Use raw strings if you have to copy and paste paths between Python and other Windows programs (e.g., the command prompt).
If both apply, then you need to think carefully, and get creative.
True, forward slashes work just fine (as I mention at the “PS” at the bottom of the post). But for people who only work on Windows, and who are relatively new to cross-platform issues, forward slashes seem super-weird and non-intuitive to them. I generally encourage people to use raw strings when they have to hard-code paths, so as to avoid the (nearly inevitable, it would seem) conflicts that they’ll experience.
Actually the Windows version of Python accepts regular slashes in the file paths. Example:
>>> infile = open(“C:/python27/tools/scripts/suff.py”)
>>> infile.read()
“#! /usr/bin/env python\n\n# suff\n …
PowerShell also accepts regular slashes in file paths.

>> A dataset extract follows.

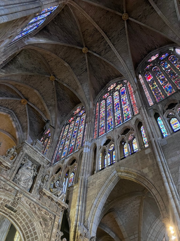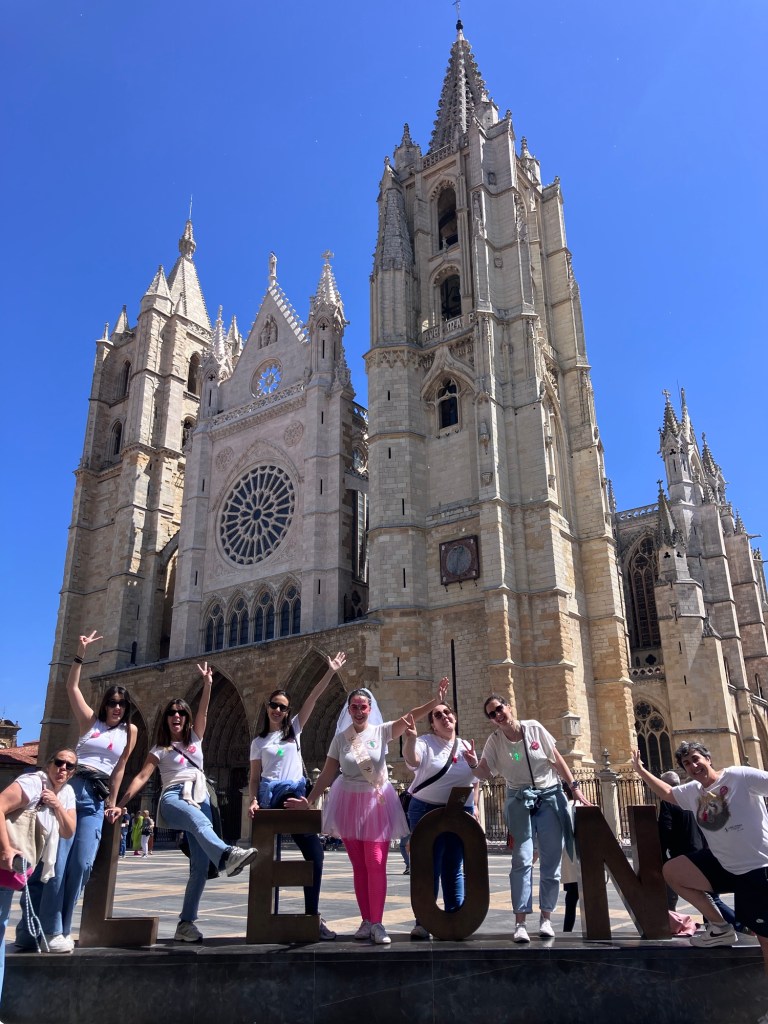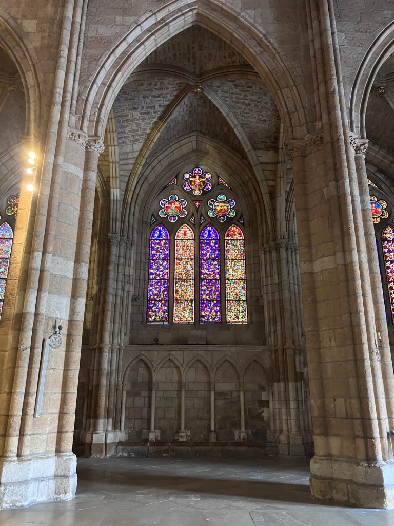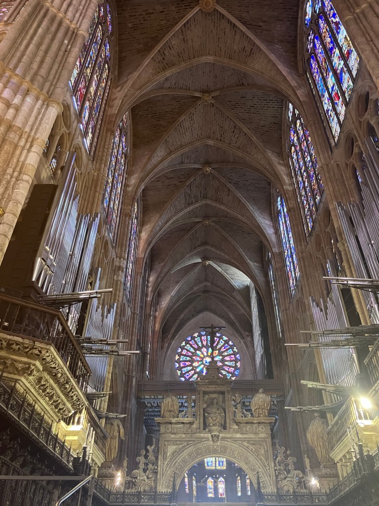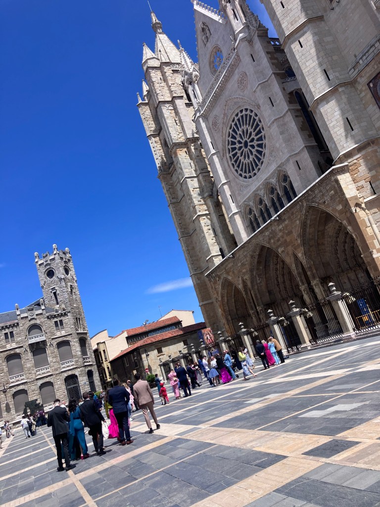 But I’m here, marking another milestone. I have been thinking of this camino in terms of cathedrals – Pamplona, Burgos, León, Astorga, Santiago. Here I am at the middle one. This is where we intended to start our first camino, the one with all eight kids and Grandpa back in 2012. After a week seeing the sights in Paris we had taken an overnight bus from there to León, and when we got here we didn’t immediately see a yellow arrow as we had been promised and we couldn’t even see the cathedral towers, so we booked the next bus to Astorga, figuring it would be easier to start somewhere smaller. It was! Then when four children and I walked this way in 2014, we turned right at León to head up the San Salvador. The next time we were here we were repeating that same route. So León to Astorga is unfinished business. Astorga is not only a cathedral city, but also marks the end of the meseta, and so I’ll have a special post to celebrate that. GraphGuy has been busy at work behind the scenes for that – you’re in for another treat.
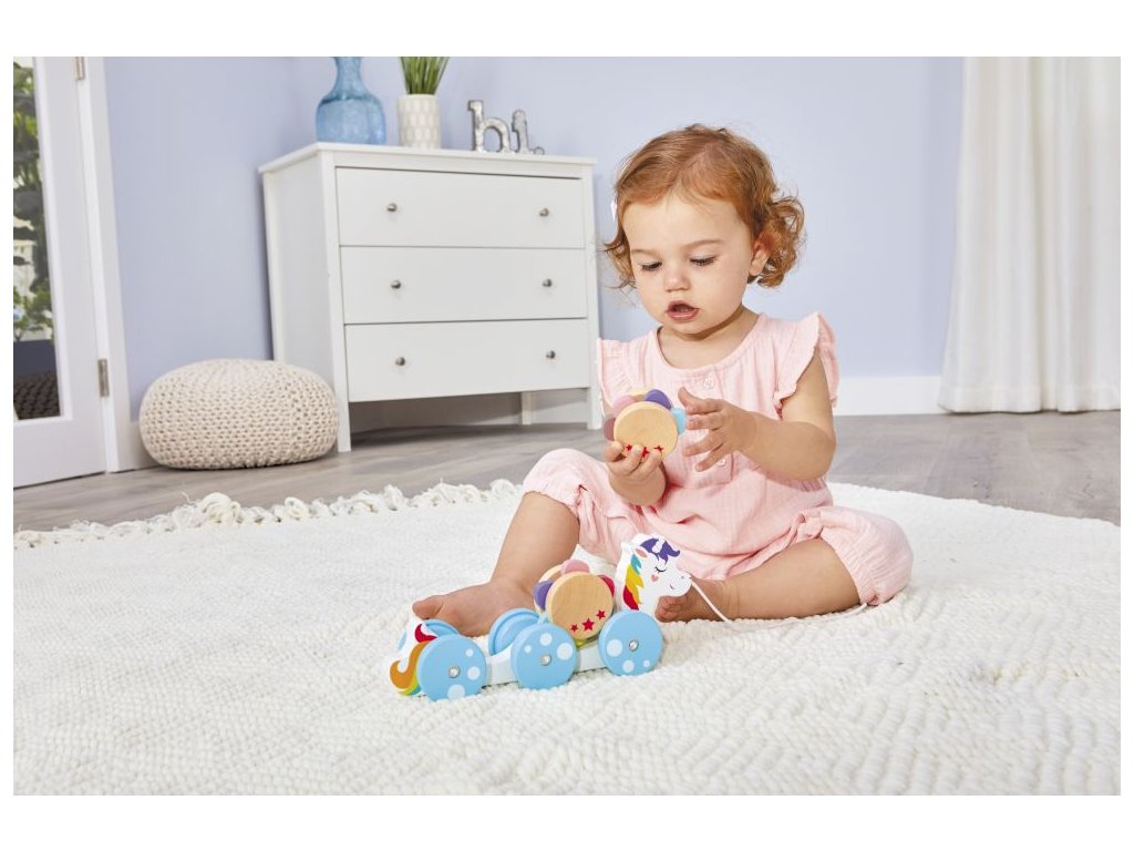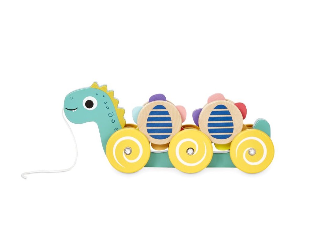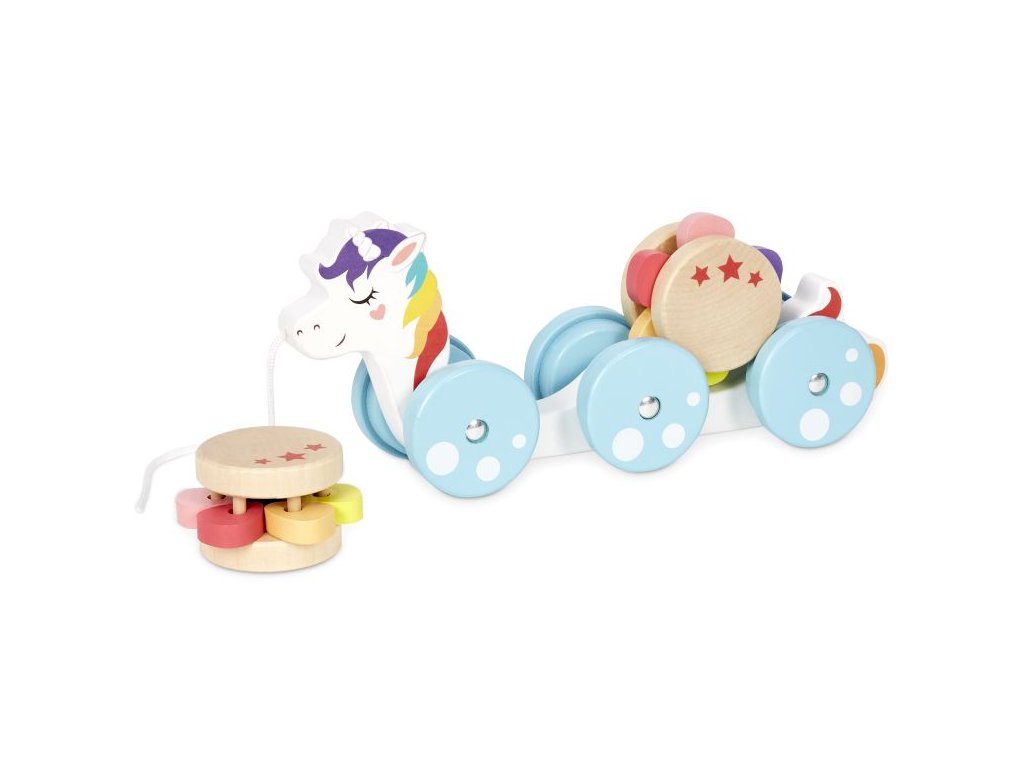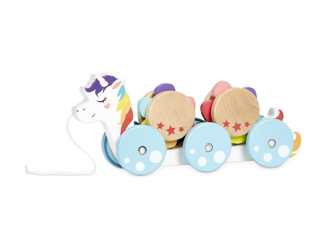 • 1 dřevěná tahací hračka s 6 funkčními kolečky a 2 koly na zádech

Example:
PS C:\> dir c:/python27/tools/scripts
Directory: C:\python27\tools\scripts
Mode LastWriteTime Length Name
—- ————- —— —-
-a—- 2015-08-21 3:37 PM 96 2to3.py
-a—- 2015-08-21 3:37 PM 4335 analyze_dxp.py
-a—- 2015-08-21 3:37 PM 4075 byext.py
-a—- 2015-08-21 3:37 PM 1699 byteyears.py
-a—- 2015-08-21 3:37 PM 4825 checkappend.py
OTOH, cmd.exe requires backslashes in file paths.
Right, at the bottom of the post I mentioned that you can use forward slashes — but that for many Windows people, this is weird and/or unintuitive.
Or, perhaps even better:
>>> filename = os.path.join(“C:” + os.sep, “abc”, “def”, “ghi.txt”)
>>> print(filename)
C:\abc\def\ghi.txt
This is true, but if people are just trying to hard-code a path in their program and then open a file, that seems like overkill…
In 10 years time future you will be stuck dealing with a mess of hardcoded hacks, and will wish you had done it “properly”.
It all depends on context.
If you’re writing a quick, one-off program, then it doesn’t matter.
But yes, if you’re writing production code that will need to survive for years and be maintained by others, then a hard-coded path is almost certainly a bad idea, and using something like os.path.join is almost certainly better. Or even better than that, using pathlib, which solves even more problems.